#### [Problem to work on]
Copy from the first line below down to and including the line with "Univerzálny podlahový profil". Skip the pictures.
Available data below:
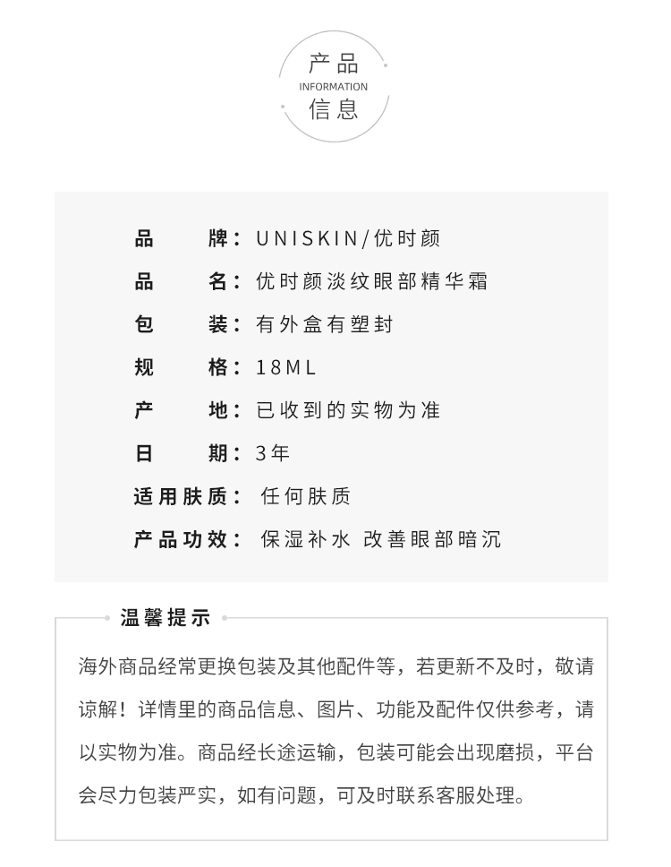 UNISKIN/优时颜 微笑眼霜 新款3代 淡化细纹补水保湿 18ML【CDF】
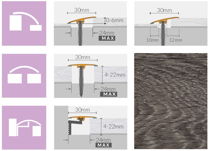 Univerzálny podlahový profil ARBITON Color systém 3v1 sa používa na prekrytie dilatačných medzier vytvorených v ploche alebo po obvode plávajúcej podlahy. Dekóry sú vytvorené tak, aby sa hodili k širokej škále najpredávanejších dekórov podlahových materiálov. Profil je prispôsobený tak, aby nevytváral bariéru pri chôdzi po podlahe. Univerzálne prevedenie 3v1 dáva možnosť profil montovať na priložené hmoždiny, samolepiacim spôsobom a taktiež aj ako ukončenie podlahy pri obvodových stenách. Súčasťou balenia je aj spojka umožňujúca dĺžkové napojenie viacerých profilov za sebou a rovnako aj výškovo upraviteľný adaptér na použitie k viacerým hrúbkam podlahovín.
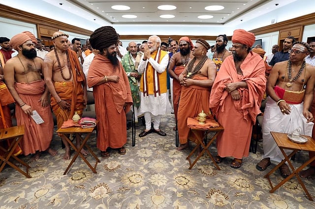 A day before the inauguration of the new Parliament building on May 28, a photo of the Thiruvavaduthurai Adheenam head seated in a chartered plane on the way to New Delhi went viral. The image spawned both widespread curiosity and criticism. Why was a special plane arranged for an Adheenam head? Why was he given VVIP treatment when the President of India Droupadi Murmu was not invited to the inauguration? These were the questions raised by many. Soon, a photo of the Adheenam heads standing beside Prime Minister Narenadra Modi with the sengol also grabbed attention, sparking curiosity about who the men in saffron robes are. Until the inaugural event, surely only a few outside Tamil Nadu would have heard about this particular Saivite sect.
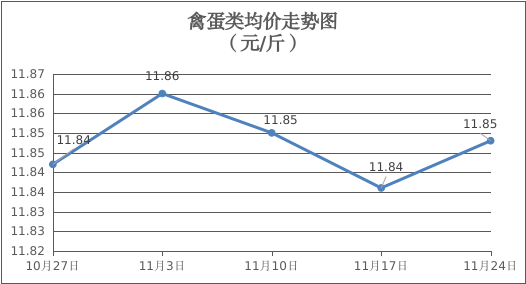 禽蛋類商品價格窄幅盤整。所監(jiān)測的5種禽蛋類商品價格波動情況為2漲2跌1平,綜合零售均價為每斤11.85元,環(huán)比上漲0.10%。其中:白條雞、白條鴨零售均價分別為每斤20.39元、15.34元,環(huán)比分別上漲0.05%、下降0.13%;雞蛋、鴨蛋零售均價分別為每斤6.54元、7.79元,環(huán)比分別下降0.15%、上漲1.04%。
End of Available data.
#### [Task result]
 UNISKIN/优时颜 微笑眼霜 新款3代 淡化细纹补水保湿 18ML【CDF】
 Univerzálny podlahový profil ARBITON Color systém 3v1 sa používa na prekrytie dilatačných medzier vytvorených v ploche alebo po obvode plávajúcej podlahy. Dekóry sú vytvorené tak, aby sa hodili k širokej škále najpredávanejších dekórov podlahových materiálov. Profil je prispôsobený tak, aby nevytváral bariéru pri chôdzi po podlahe. Univerzálne prevedenie 3v1 dáva možnosť profil montovať na priložené hmoždiny, samolepiacim spôsobom a taktiež aj ako ukončenie podlahy pri obvodových stenách. Súčasťou balenia je aj spojka umožňujúca dĺžkové napojenie viacerých profilov za sebou a rovnako aj výškovo upraviteľný adaptér na použitie k viacerým hrúbkam podlahovín.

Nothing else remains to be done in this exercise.